Tata Sons Limited & Another v. Krishna Kumar & Others – Delhi High Court [August 6, 2018]
The Court granted an ex-parte permanent injunction restraining the Defendant from directly or indirectly using any marks identical to or deceptively similar to the Plaintiff’s mark “TATA”, specifically “TATA”, “TATA FINSERVE PVT. LTD.”, “TATA FINANCE CORPORATION LTD.”, “TATA FINANCE SERVICES” and the domain name “www.tatafinserve.com”, in respect of the business of providing loans, insurance and financial services. In granting the injunction, the Court noted that the mark of the Defendant was closely, visually and phonetically similar to the registered mark of the Plaintiff. The Court also decreed that the infringing domain name of the Defendants must be transferred to the Plaintiffs, and awarded them punitive damages of Rs. 10 lacs for the immense loss to goodwill and reputation.
Super Cassettes Industries v. Sky Vision Digital Cable Network – Delhi High Court [August 6, 2018]
The Court granted an ex parte permanent injunction restraining the Defendant from broadcasting Plaintiff’s copyrighted works through its cable services. In determining infringement, the Court acknowledged that the Plaintiff had valid and subsisting copyrights in its works which could subsequently not be broadcasted by the Defendant without a valid license. The Plaintiff was further granted costs of Rupees 43 Lakhs, a sum arrived at by the Court through calculation of the amount charged by the Defendant in providing services to its customers.
M/s. Mex Switchgears Private Limited v. M/s. Omex Cables Industries and Another – Delhi High Court [August 3, 2018]

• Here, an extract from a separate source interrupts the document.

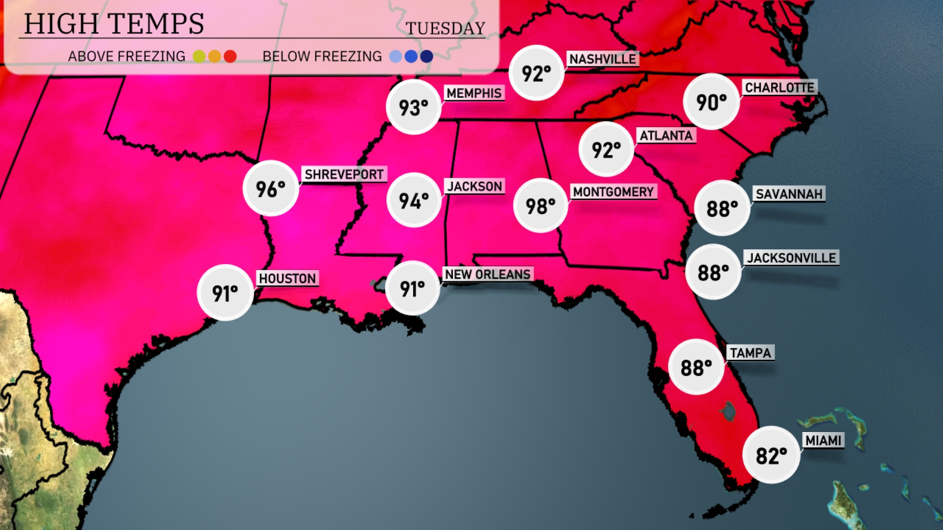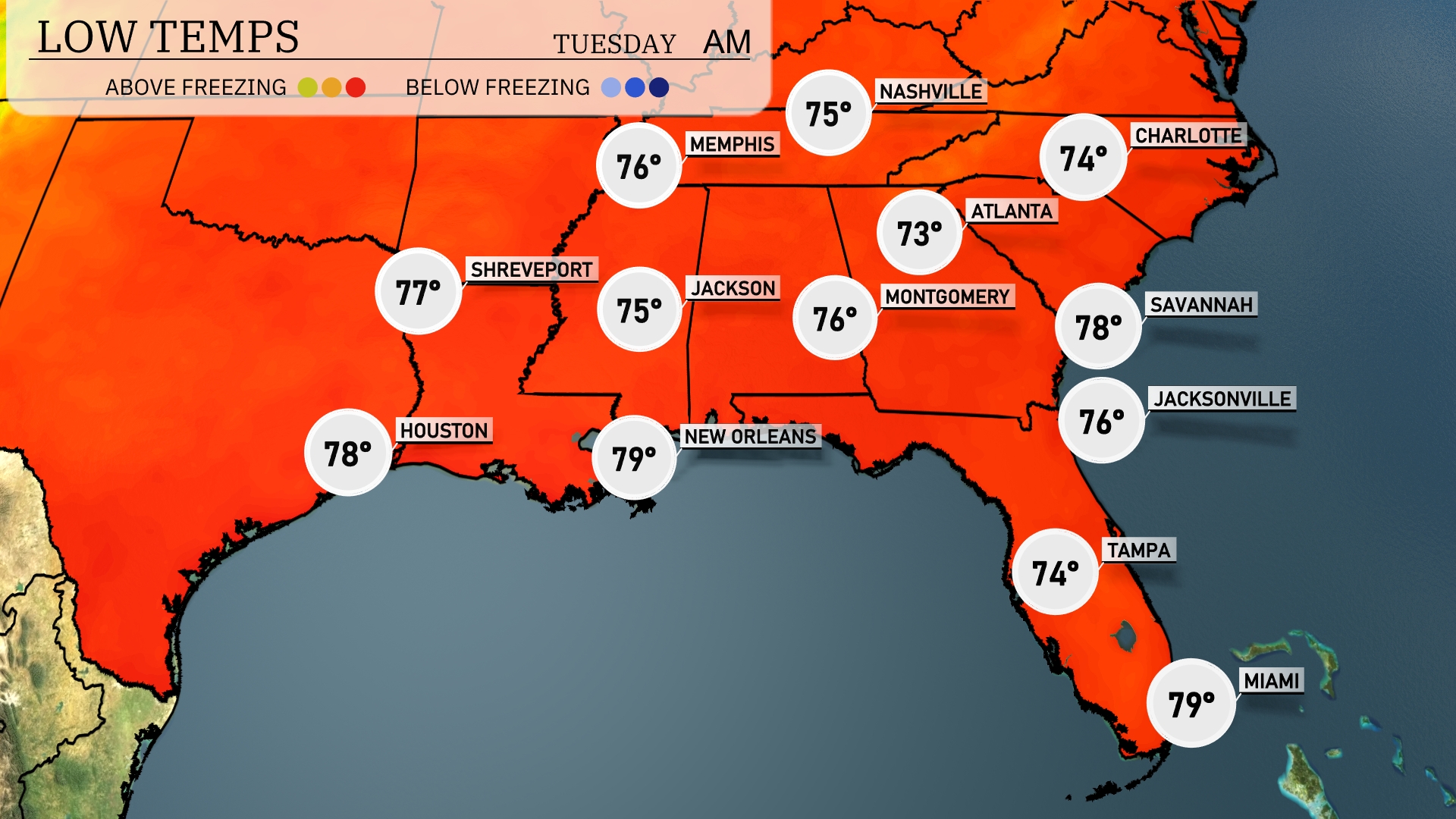 Tonight, Memphis will cool down to 75 degrees. Nashville will experience a low of 73 degrees. Expect cooler air in Jackson, dipping to 75 degrees, while Montgomery will see a low of 76. In the coastal areas, Tampa will settle at 74 degrees, with Miami remaining mild at 79 degrees.

The dispute concerned the Respondent’s use of the mark “OMEX GOLD” in respect of electric switchgears and switches, in infringing and passing off Appellant’s trademark “MEX” in respect of identical goods. The Court granted a permanent injunction in favour of the Appellant stating that the Respondent’s mark was deceptively similar to its registered trademark as the addition of the letter “O” was likely to create confusion and deception of a connection with their goods. It was also noted by the Court that the Respondent bore a malafide intent in attempting to register other deceptively similar marks. There was no order for costs.
Grandcure Healthcare Private Limited v. M/s. Finex Healthcare Private Limited and Another – Delhi High Court [August 2, 2018]

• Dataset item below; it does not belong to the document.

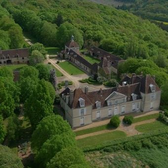 Il Château du Fey si erge su una collina di fronte alla Valle dell'Yonne, con un viale che si estende lungo il bosco circostante.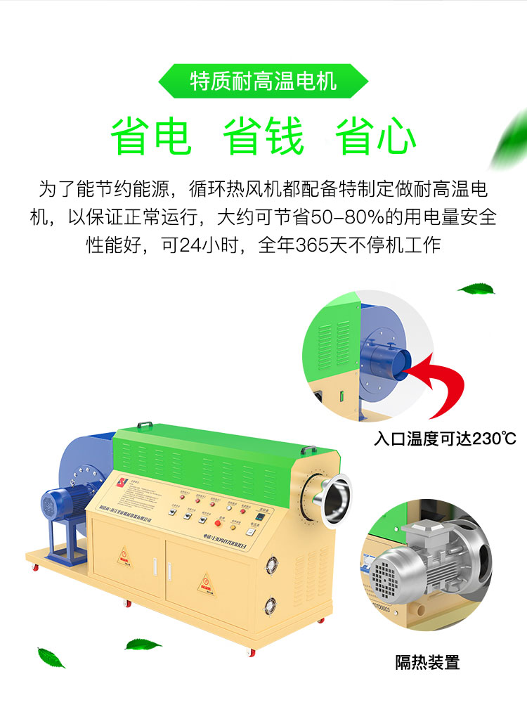 ④為了節(jié)約能源,循環(huán)型系列熱風(fēng)機都配備特制定做耐高溫電機,以保證正常運行,大約可節(jié)省50-80%的用電量。

The Court granted an ex parte permanent injunction restraining the Defendant from using the mark “FRAVIA” in infringing and passing off the Plaintiff’s mark “BRAVIA” in respect of pharmaceutical preparations. In arriving at this decision, the Court stated that the mark of Defendant is phonetically and deceptively similar to the trademark of the Plaintiff, and that in view of such similarity confusion among the public would be inevitable. The Plaintiff was further awarded costs of Rupees 2 Lakhs.